Aux États-Unis, c'est Donald Trump qui a invité ses fervents partisans à participer à la curée contre le Capitole. Ils l'ont entendu et ne se sont retirés que lorsqu'il leur a demandé de rentrer chez eux. Une manifestante a perdu la vie sous les balles d'un policier et quelques bureaux ont été mis à sac. Trump avait accompli sa démonstration, qui consiste à opposer au pouvoir issu des urnes un contre-pouvoir, celui de la démagogie, du mensonge et des promesses intenables. Le coup, à Washington, est passé très près de Joe Biden, le président-élu. Mais il est indemne. Ce qui ne nous empêche pas de tirer la leçon de cet événement surprenant.
Une sixième République
L'Europe, en effet, n'est pas exempte de l'expérience du populisme. Il a modifié en profondeur les comportements des régimes de Pologne et de Hongrie. Il a conduit à cette régression innommable et inexplicable du Brexit. Il met en danger des démocraties déjà affaiblies par la crise sanitaire, le chômage et l'endettement. On remarquera que les partis favorables à un changement de République en France, comme la France insoumise, ne parvient pas à condamner l'action politique de Trump et de ses affidés. Jean-Luc Mélenchon voit dans les émeutes de Washington les conséquences d'une montée de l'extrême droite, sans paraître se douter que les clivages idéologiques qui prévalent en France ne sont pas applicables à la société américaine : ce sont en effet les déclassés qui forment les troupes de Trump. On se querellera pendant encore un siècle sur le nom des insurrections populaires: sont-elles de droite ou de gauche ? Peu importe ! Elles sont uniquement dirigées vers le démantèlement de la Constitution et donc du vote populaire. M. Mélenchon réclame une Sixième République et la réunion d'une Assemblée constituante.
Les critiques incessantes adressées au gouvernement, notamment par la droite classique, ne font que renforcer en France l'extrême droite et l'extrême gauche, objectivement unies pour s'emparer du pouvoir à la faveur d'une crise politique qu'elles auront soigneusement préparée.
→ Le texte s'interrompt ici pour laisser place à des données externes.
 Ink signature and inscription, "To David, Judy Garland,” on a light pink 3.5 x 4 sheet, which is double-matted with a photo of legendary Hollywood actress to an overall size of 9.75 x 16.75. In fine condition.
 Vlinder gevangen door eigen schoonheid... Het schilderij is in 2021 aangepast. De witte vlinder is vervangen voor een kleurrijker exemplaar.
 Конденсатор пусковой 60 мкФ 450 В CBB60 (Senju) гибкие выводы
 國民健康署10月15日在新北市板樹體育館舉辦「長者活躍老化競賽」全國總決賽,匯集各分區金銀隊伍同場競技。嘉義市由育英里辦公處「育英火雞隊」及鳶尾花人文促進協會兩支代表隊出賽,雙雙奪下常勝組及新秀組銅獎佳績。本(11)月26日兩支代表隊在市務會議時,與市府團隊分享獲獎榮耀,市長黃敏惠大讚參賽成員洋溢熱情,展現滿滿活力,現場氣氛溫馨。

Marine Le Pen fournit des efforts pathétiques pour apparaître comme une femme profondément changée, qui n'aurait plus rien à voir avec la harpie qui se livrait à un ridicule débat avec le candidat Macron entre les deux tours en 2017. On veut bien la croire. Mais si elle s'est à ce point amendée, que ne rejoint-elle pas les Républicains ? Si elle accepte l'euro et l'Union européenne, qu'a-t-elle à proposer que LR ne propose pas sur l'économie, le budget ou l'environnement ? On comprend qu'elle veuille effacer un mauvais souvenir, celui du débat catastrophique, mais les téléspectateurs en ont conclu que, décidément, elle ne comprenait rien, qu'elle ne maîtrisait pas ses dossiers et que, pour lutter contre la crise sanitaire, ils ne sont pas près de se jeter dans les bras de LFI ou du Rassemblement national.
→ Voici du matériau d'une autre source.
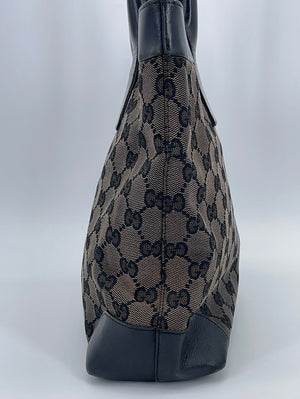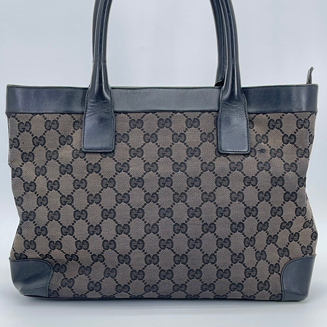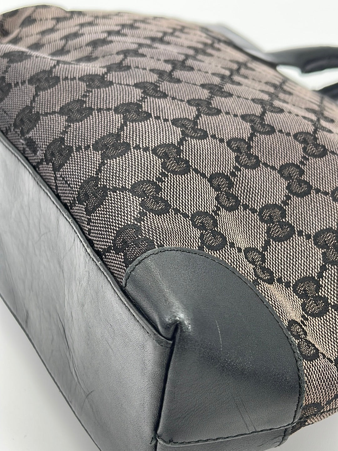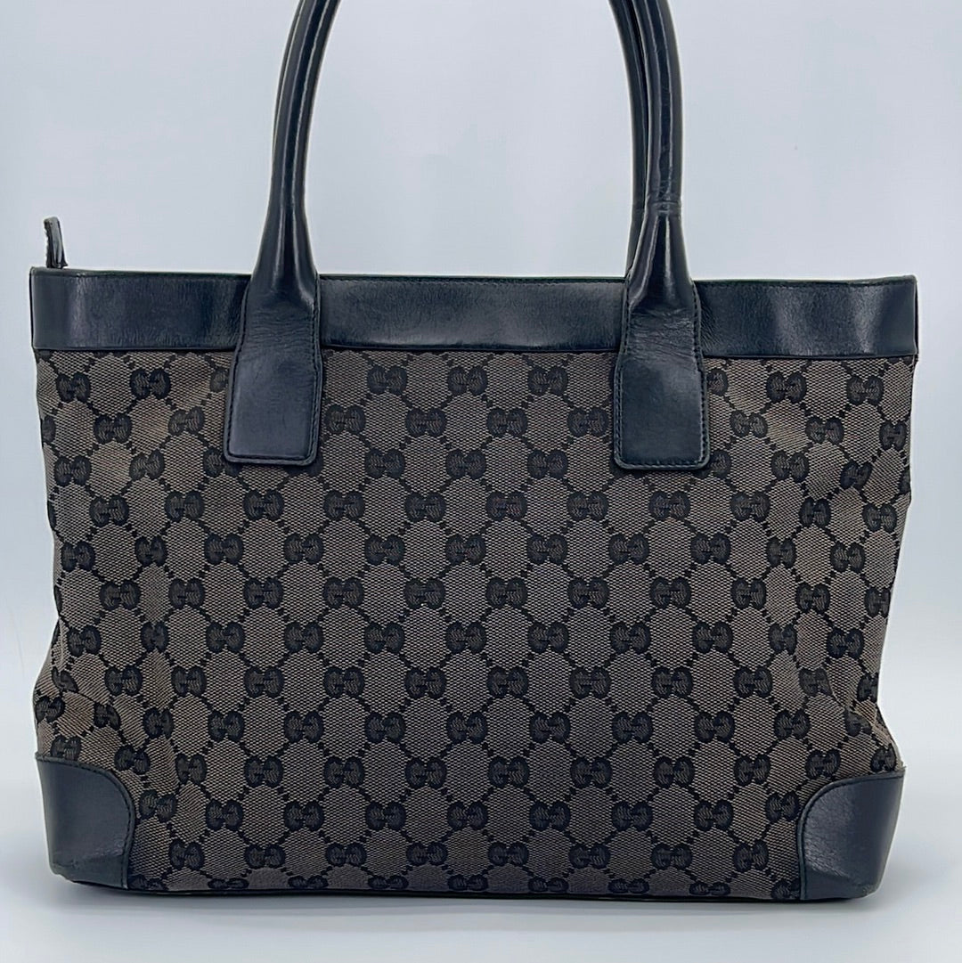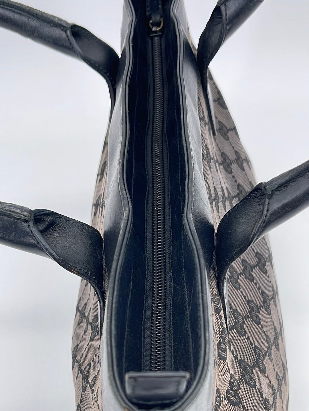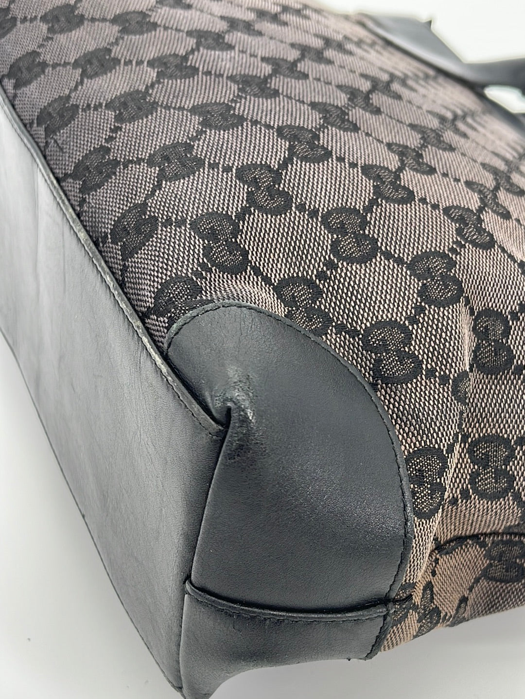 Preloved Gucci Gray GG Canvas and Black Leather Tote

Aux États-Unis, les démocrates ont bien résisté à la tempête. Ils ont une majorité forte, ils ont le Sénat et la Chambre. Le recours aux urnes et le meilleur moyen de calmer le jeu, de dire le droit, de désigner les compétences, d'écarter les aventuriers. Pour la France, pour l'Europe, l'élection en 2022 d'une majorité forte s'adressant au moins à deux-tiers de Français est la seule planche de salut.